There are occasions where our workflow seems perfectly fine, but the task has little success extracting the data we want. How could this happen? Why do I see data in the preview tab but cannot extract it when running the task? If this problem bothers you, take a few minutes to go through the following article with tried-and-true solutions.
Reason 1: The default timeout for the Go to Web Page action is not long enough.
If Octoparse stops extracting even before the web page loads completely, it is highly likely that the page data you need is not loaded before Octoparse moves on to the next action.
Solution: Set a longer timeout for the Go to Web Page action to make sure the page loads completely before the next step
- Click the Go to Web Page action in the workflow and set a longer timeout under the General tab for this action.
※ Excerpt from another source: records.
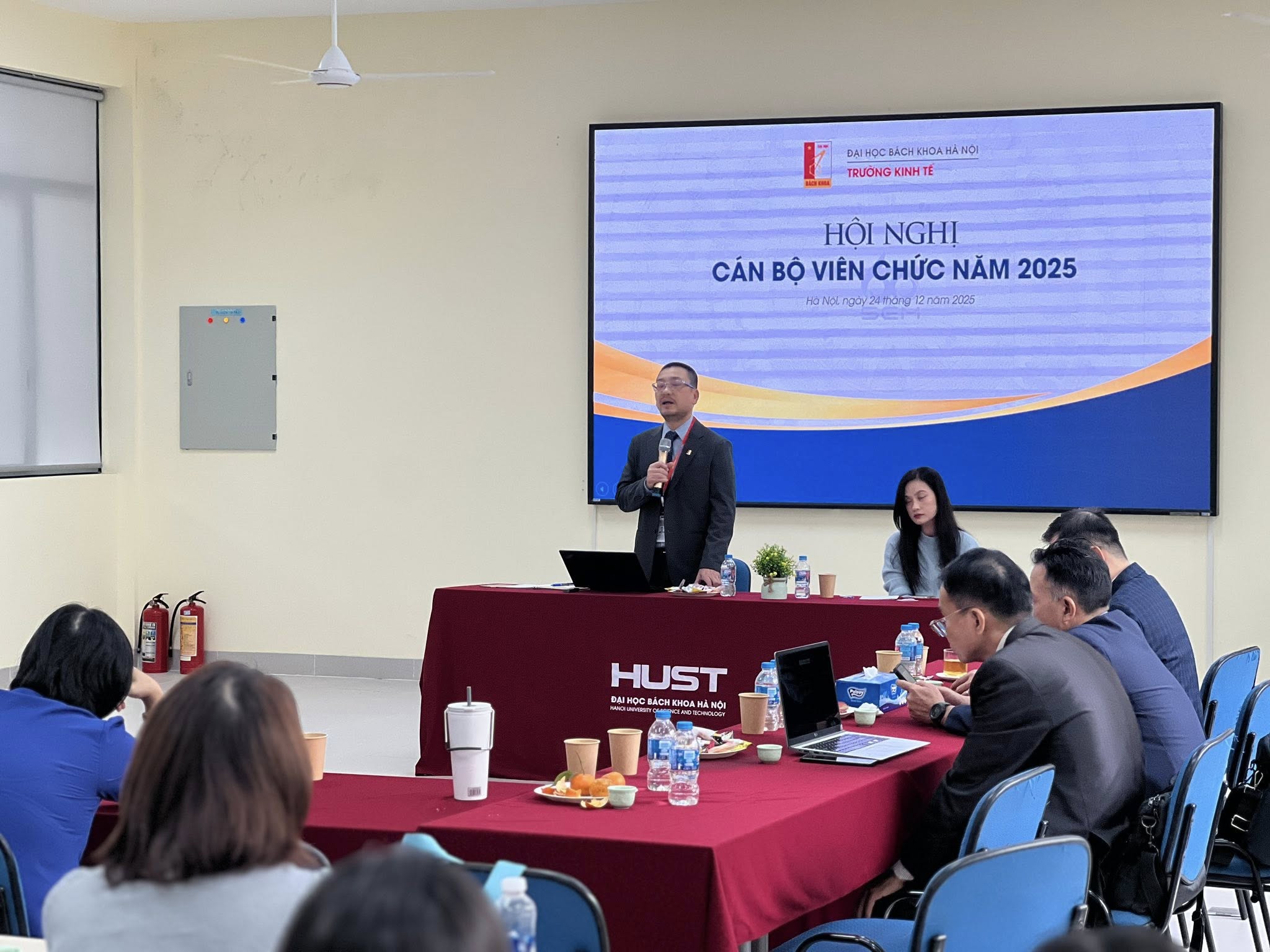 Sáng ngày 24 tháng 12 tại phòng họp 410 toà C9, Hội nghị Cán bộ Viên chức Trường Kinh tế năm 2025, đã được tổ chức thành công với sự tham dự của PGS. TS. Huỳnh Quyết Thắng – Giám đốc Đại học Bách khoa Hà Nội và toàn thể cán bộ, viên chức Trường Kinh tế.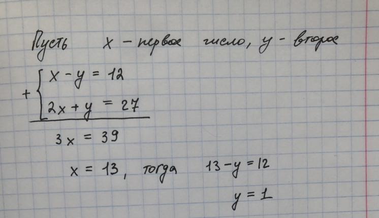 Разность двух чисел равна 12,а сумма удвоенного первого числа и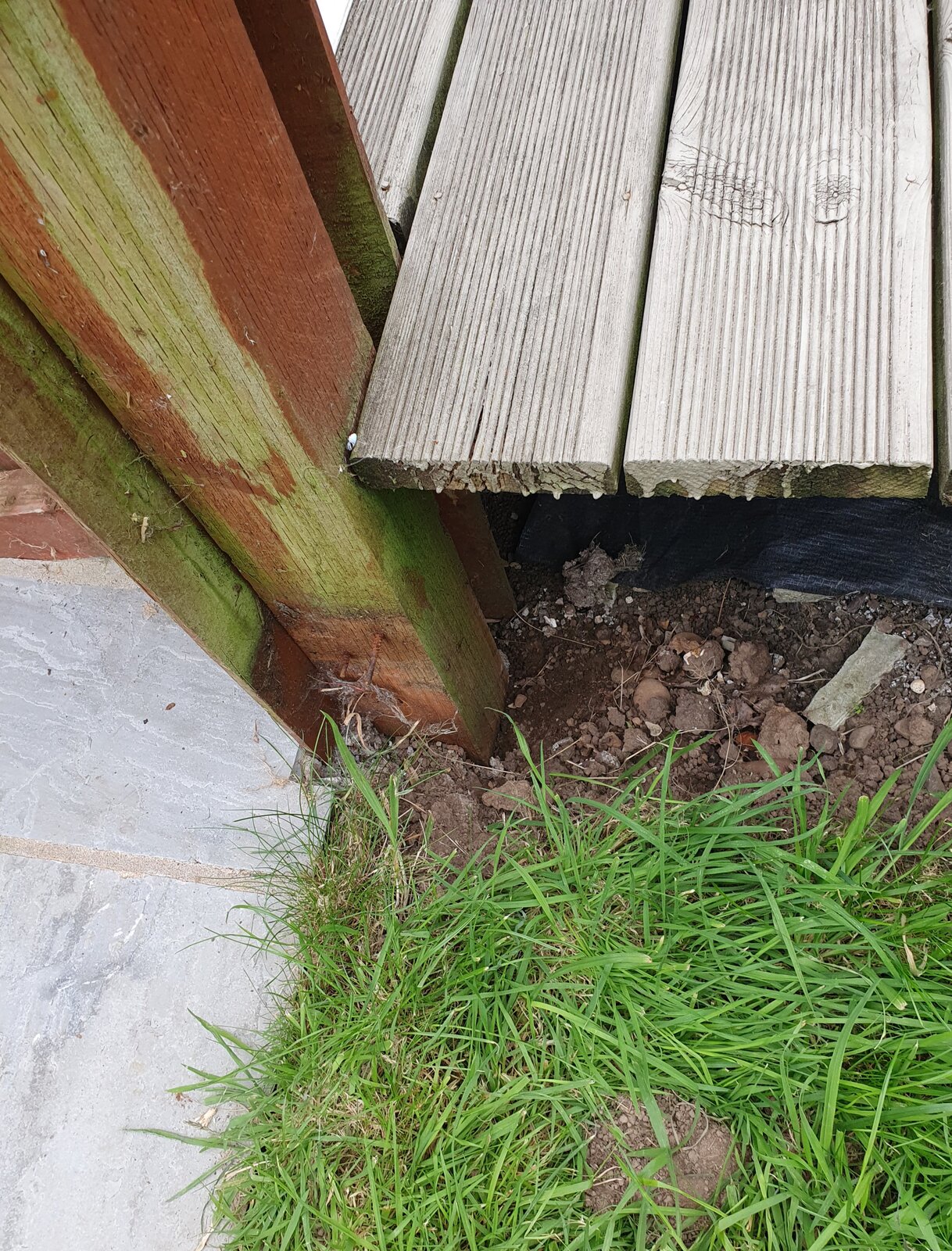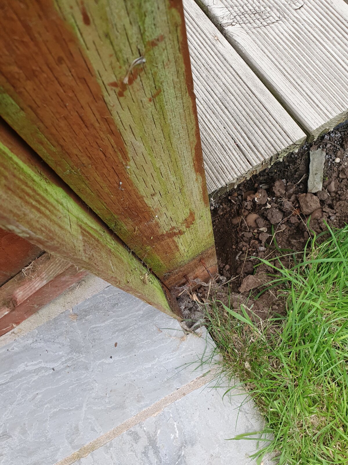 I've got one more post and look where it is. I had a new patio layed last year. The decking in the attached photos are my neighbours.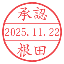 オプションの「電子透かし」をチェックし[生成]すると、見た目には分からないように、UNIXタイムスタンプを識別情報としてPNG形式の日付印に埋め込みます。 日付スタンプメーカーの使い方「部署」「名前」は最大8文字まで入力が可能です。「スタンプの色」を選択し、[生成]ボタン押下で印影画像が更新され、背景を透明に設定したPNG形式とPDF形式の印影画像がリンクからダウンロードできます。 オプションの「電子透かし」は、その性格上日付印ととても相性の良い付加サービスです。 別ページの「タイムスタンプと電子透かし」でも詳しく解説しますが、このオプションを追加することで、日付印が生成された日時に確かにその印が存在していることが証明されます。 ![]() 根田さんの電子印鑑が作れます。社内でのデータ書類閲覧確認用など、認印的な使い方のできる電子印鑑が作れます。 ![]() 古代文字で落款印が作れます。「落款スタンプメーカー」で作品を引き立たせる落款印が作れます。
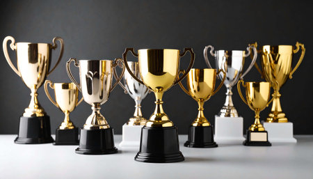 A beautifully arranged trophy display that symbolizes career development and achievement, perfect for capturing motivation and success in elegant settings.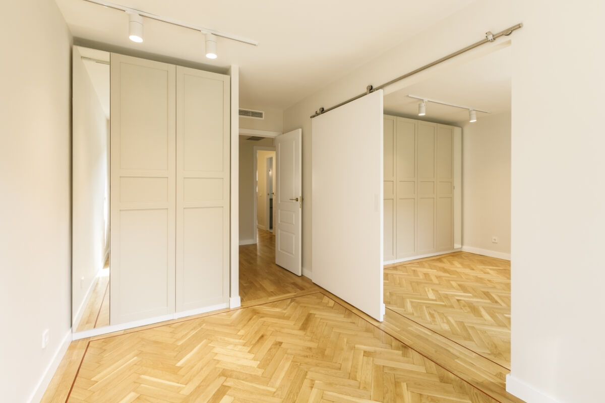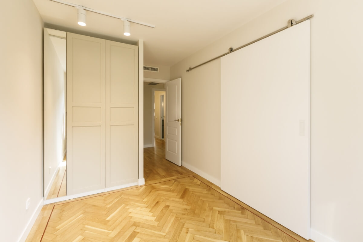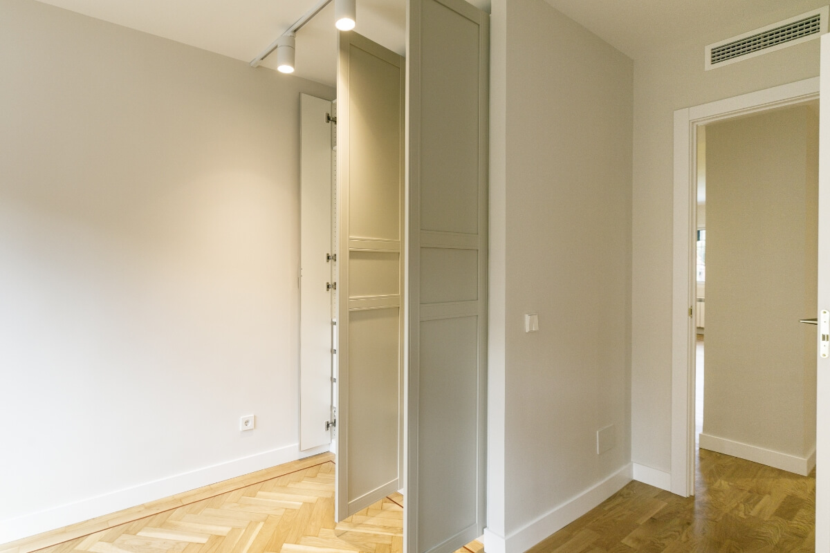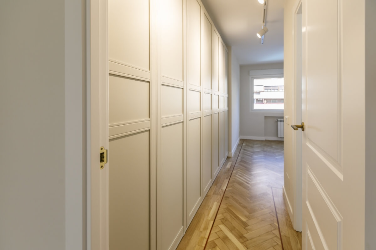 Las puertas de los armarios van a juego con las puertas de paso y los interiores van en un acabado texturizado muy elegante.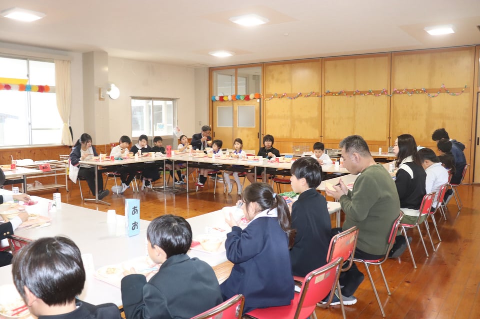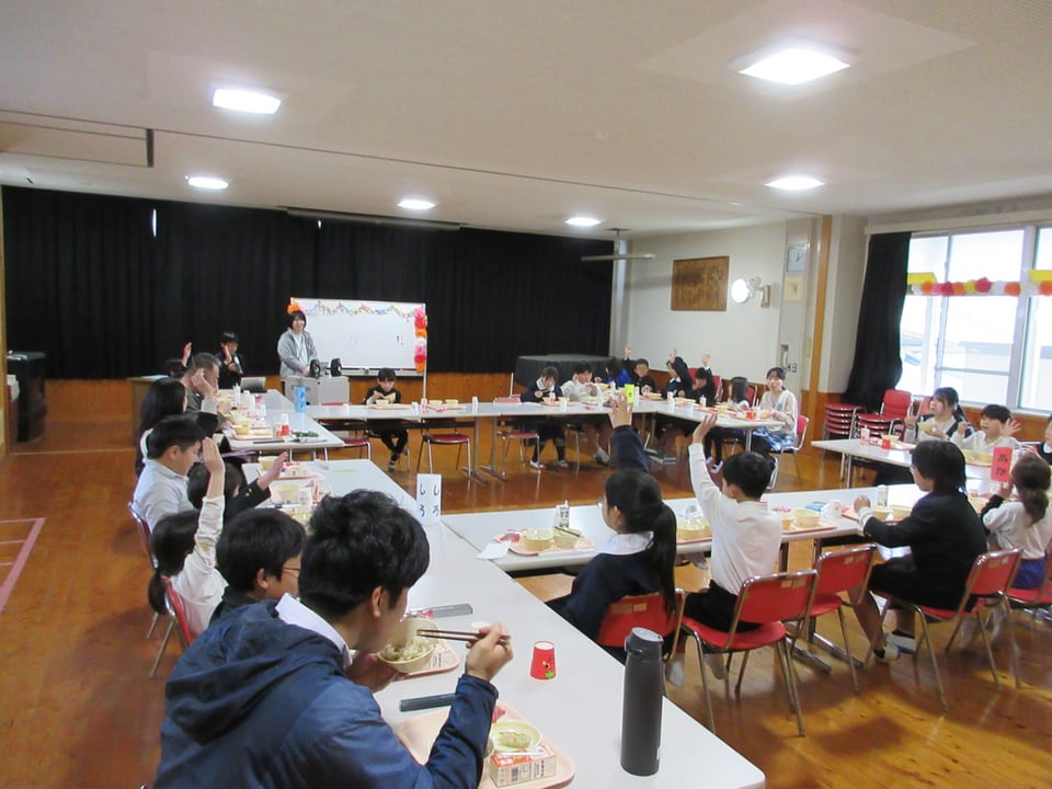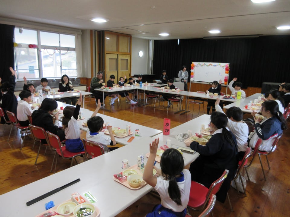 この日の給食当番は6年生以外の学年が行いました。多目的スペースは終始 なごやかな雰囲気で、来週 卒業を迎える6年生も、万倉小学校での全校給食をしっかり味わっていました。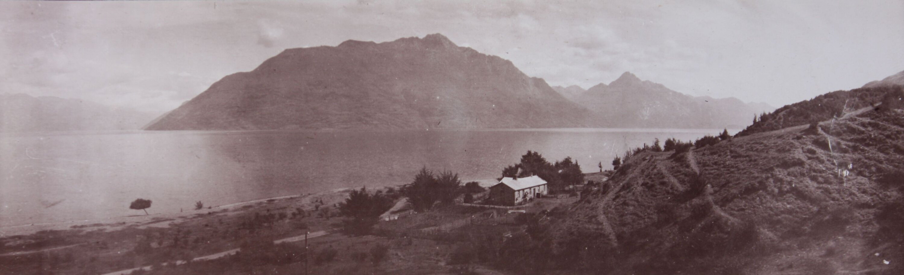 Buuilding in foreground on foreshore of lake with undulating land rising to the right of image and mountains on opposite side of lake in background.

Reason 2: The target website has a load delay.
If the target website loads completely, but Octoparse still stops and extracts nothing, consider the possibility of a load delay for the page data you want. Many websites use JSON to update web pages, which causes the load delay of page elements.
Solution: Set a wait time for the next action after the Go to Web Page action
- Click on the action next to the Go to Web Page in the workflow and set a wait before action time under the Options tab. (Check out this article to read the complete guide on how to set up a wait time. )
Reason 3: The website uses lazy loading to improve its page loading speed.
If the target website won't load data other than those you see before you scroll, that means it has opted for a lazy loading strategy. We need to tell Octoparse to scroll down the page after it is loaded.
Solution: Set scroll down the page after it is loaded
- Click on your Go to Web Page action in the workflow and check the Scroll down the page after it is loaded under the Options tab. Modify the detail setting according to your needs.
Reason 4: The AJAX timeout we set is not long enough.
If your workflow has a click item to deal with data hidden under a “show more” or "load more" button, make sure you set an AJAX load timeout long enough for the data to update completely.
Solution: Set a longer AJAX timeout for your click item
- Click on the Click item in your workflow, check Load with AJAX, and set a longer timeout.